Они удивились и настойчиво повторили, что хотят, чтобы это был ребенок от них двоих. Как если бы они были мужем и женой. Чтобы он унаследовал физические качества их обеих.
— Это возможно, — повторил доктор, — но не сразу.
— У нас все с собой, — сказала одна женщина, а другая вытащила из сумки папку и стремительно сунула ее доктору под нос. — Результаты мазков, анализы крови, наши циклы. Сейчас у нас обеих благоприятный для зачатия период.
— У нас месячные в одно и то же время, — с гордостью заявила другая, обменявшись понимающим взглядом со своей подругой. — Это редкость, правда?
— В монастырях у монахинь менструальные циклы всегда совпадают, — сухо отреагировал доктор.
Женщины несколько оторопели.
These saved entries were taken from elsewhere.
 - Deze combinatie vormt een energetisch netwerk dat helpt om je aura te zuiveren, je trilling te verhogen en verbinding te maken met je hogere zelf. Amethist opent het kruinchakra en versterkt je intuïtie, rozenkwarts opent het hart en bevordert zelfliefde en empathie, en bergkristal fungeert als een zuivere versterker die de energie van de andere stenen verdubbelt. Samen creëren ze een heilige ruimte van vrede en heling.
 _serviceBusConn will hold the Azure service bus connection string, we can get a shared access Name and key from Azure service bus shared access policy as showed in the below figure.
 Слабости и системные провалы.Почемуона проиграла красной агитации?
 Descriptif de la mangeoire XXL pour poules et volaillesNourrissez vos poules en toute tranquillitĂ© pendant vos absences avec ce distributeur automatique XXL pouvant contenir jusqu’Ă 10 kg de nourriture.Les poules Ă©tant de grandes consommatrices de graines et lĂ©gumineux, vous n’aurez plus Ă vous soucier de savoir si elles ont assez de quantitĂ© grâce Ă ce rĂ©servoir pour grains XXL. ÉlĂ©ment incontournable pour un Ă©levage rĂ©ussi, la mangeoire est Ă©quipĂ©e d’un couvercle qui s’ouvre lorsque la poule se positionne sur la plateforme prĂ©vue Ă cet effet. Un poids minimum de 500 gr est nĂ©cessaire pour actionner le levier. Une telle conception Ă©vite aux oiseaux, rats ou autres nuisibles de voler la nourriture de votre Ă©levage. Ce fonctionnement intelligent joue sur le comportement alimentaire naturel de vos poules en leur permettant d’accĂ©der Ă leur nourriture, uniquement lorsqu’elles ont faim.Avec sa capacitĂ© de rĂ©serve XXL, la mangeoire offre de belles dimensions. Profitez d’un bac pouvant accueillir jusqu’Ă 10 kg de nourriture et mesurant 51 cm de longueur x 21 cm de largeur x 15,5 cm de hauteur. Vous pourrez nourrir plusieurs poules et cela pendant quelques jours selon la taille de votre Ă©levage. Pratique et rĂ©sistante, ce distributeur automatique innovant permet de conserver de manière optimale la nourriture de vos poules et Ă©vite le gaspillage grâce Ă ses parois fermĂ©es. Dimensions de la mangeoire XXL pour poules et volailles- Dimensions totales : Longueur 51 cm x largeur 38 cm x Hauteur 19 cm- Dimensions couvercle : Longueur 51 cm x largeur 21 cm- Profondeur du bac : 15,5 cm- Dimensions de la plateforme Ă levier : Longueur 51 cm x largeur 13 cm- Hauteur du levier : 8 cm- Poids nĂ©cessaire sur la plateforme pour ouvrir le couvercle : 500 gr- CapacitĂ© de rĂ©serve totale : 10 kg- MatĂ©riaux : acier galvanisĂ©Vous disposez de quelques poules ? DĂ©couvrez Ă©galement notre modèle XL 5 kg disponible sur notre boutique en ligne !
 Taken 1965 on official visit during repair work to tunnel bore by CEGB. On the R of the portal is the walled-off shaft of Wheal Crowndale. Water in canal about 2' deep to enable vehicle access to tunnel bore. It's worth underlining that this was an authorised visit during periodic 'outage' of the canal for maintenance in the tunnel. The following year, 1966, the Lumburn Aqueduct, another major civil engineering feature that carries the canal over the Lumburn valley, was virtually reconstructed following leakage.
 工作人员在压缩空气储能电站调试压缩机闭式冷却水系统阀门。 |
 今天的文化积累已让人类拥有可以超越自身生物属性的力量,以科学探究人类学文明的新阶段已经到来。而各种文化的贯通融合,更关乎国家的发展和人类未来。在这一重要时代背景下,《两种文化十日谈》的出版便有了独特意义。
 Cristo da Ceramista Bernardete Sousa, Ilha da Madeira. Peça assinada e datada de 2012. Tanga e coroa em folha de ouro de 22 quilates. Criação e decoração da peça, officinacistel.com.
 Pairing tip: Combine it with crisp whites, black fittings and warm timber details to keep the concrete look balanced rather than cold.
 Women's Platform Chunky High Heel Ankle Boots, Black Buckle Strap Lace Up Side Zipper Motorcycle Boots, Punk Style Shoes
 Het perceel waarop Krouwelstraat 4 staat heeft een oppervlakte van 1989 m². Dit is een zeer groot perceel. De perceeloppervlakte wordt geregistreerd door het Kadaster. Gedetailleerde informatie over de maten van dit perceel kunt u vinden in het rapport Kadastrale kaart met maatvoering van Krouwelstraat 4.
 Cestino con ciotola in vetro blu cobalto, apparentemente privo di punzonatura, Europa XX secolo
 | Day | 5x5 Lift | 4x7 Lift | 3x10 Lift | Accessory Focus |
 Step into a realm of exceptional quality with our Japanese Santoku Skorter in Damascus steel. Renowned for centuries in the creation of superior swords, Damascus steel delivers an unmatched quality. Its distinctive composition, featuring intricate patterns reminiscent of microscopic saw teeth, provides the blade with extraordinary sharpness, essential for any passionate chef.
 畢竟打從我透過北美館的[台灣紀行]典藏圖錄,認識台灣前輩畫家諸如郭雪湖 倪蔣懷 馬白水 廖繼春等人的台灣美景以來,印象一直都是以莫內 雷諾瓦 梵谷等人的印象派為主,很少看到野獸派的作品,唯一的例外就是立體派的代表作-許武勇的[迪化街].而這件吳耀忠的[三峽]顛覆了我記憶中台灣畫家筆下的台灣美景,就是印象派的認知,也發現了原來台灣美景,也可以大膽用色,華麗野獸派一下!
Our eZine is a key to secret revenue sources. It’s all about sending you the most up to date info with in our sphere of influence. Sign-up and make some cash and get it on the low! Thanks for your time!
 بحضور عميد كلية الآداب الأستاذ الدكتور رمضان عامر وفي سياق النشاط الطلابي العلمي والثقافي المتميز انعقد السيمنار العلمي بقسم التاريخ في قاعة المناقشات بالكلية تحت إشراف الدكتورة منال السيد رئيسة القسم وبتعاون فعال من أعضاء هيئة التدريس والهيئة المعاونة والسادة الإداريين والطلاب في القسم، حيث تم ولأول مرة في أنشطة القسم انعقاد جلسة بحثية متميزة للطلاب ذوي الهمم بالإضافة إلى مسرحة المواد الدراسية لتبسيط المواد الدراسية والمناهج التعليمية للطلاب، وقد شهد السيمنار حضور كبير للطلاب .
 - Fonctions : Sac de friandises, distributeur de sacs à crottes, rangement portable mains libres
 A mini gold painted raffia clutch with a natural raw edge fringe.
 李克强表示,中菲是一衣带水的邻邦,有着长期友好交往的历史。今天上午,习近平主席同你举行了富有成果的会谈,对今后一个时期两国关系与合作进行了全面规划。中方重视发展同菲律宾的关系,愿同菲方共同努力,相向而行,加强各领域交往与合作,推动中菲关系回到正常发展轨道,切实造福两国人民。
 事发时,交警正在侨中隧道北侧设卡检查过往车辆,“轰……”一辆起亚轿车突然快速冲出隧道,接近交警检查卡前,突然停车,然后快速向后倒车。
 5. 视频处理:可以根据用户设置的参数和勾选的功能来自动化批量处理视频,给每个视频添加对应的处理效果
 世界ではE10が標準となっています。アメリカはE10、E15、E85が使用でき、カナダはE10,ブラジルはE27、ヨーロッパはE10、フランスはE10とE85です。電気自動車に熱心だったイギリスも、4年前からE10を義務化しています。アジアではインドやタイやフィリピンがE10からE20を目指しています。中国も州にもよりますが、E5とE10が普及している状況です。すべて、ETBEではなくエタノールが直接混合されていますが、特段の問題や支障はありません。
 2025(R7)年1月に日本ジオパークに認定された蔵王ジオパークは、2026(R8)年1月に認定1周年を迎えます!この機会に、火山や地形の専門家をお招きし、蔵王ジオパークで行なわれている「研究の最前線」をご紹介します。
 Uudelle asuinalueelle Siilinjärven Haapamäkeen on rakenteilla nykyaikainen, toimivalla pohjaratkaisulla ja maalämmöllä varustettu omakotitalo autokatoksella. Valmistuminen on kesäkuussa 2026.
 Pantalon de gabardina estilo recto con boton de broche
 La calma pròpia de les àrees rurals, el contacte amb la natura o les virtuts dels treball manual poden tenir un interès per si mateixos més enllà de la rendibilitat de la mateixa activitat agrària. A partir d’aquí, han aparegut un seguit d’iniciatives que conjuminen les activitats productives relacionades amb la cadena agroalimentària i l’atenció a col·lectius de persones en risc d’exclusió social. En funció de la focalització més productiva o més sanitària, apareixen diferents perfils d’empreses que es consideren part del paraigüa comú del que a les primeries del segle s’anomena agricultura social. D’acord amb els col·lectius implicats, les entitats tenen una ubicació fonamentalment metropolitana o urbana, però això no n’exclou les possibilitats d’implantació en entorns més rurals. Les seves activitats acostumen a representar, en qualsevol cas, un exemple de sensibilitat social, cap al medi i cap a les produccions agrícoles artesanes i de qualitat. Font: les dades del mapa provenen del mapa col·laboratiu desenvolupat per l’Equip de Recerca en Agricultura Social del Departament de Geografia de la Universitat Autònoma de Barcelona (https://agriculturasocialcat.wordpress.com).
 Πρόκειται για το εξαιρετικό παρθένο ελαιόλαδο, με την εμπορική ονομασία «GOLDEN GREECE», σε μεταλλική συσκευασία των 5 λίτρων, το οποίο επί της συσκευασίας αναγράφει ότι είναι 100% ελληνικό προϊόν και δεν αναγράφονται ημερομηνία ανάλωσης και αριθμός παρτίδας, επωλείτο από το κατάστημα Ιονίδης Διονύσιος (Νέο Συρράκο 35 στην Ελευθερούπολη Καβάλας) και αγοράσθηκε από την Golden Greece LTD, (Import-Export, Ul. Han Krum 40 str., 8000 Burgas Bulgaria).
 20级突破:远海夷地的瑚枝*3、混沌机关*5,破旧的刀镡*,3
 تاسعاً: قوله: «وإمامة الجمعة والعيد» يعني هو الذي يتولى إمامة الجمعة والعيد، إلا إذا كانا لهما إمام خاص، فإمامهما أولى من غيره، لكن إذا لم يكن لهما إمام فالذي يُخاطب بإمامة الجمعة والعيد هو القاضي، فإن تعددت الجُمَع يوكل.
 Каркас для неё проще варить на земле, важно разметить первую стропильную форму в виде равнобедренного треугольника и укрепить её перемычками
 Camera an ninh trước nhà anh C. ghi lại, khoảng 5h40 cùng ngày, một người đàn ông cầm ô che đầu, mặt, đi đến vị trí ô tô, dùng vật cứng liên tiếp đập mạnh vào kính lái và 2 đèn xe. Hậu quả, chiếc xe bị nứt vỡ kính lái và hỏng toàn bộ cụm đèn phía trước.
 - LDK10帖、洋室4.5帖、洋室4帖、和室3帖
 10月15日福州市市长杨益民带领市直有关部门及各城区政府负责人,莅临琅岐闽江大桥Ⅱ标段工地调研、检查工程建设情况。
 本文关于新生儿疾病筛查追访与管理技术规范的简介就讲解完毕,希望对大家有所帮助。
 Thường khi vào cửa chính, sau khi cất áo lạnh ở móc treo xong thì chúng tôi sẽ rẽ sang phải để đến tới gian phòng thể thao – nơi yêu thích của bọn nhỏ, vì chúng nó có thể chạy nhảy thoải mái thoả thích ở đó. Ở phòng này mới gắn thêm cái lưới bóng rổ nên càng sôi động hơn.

Доктор раскрыл папку и стал перелистывать страницы.
— Как велик шанс, что это получится, герр доктор?
— Я не занимаюсь прогнозами, — ответил он.
Женщины чувствовали себя в его присутствии неловко, это было первым, о чем они сказали друг другу, когда вышли от него. Но что значила неловкость по сравнению с такой хорошей новостью.
— Приходите завтра, — сказал он, после того как обследовал их обеих. — Завтра мы начнем.
Поначалу он хотел прогнать женщин. Он должен был прогнать их. Но все-таки сказал им не то, что хотел. Он сказал то, о чем подумал в порыве, но чего нельзя было говорить вслух.
— Это возможно, — сказал он.
Когда Виктор услышал свои собственные слова, было уже поздно. Его замечание о возможности получить результат, но «не сразу» женщины поняли неправильно. Или он сам неправильно выразился.
В тот момент, когда они объявили ему свое желание, он мигом сообразил, как можно его осуществить. Теоретически это было возможно. Ему надо было соединить ядра любых клеток этих женщин в оплодотворенной яйцеклетке, из которой он предварительно удалил бы ядро. Этот опыт он многократно проделывал во время учебы в университете, хотя тогда делал это с яйцами лягушек и саламандр.
— Это возможно, — так он сказал им.
Но уже в следующий момент перед ним встали практические сложности. Человеческие яйцеклетки в тысячу раз меньше, чем у амфибий. К тому же при опытах с последними получившийся эмбрион никогда не вырастал до размеров взрослой особи.
Поэтому-то он и добавил, что все возможно не сразу. Он имел в виду, что ему еще нужно время. Месяцы, а возможно, и годы.
Но его первая фраза вселила в женщин надежду, и они ухватились за нее. И тогда доктор Хоппе не посмел их разочаровать. Поэтому он снова сказал вещи, которые их удивили. А потом уже не мог вспомнить, что именно.
Он обследовал женщин. Одна из них предложила оплодотворить их обеих. Может быть, она сказала это в шутку, но доктор так не посчитал. Ее слова заставили его задуматься, и он понял, какой уникальный шанс могут предоставить ему эти женщины.
И тогда он решил, что начнет уже на следующий день, хотя и знал, что еще слишком рано. Ему еще надо было потренироваться. С другими животными клетками. С мышами. Или кроликами. Но этого он не сказал. Возможно, они передумали бы, если бы он попросил их вернуться только через полгода.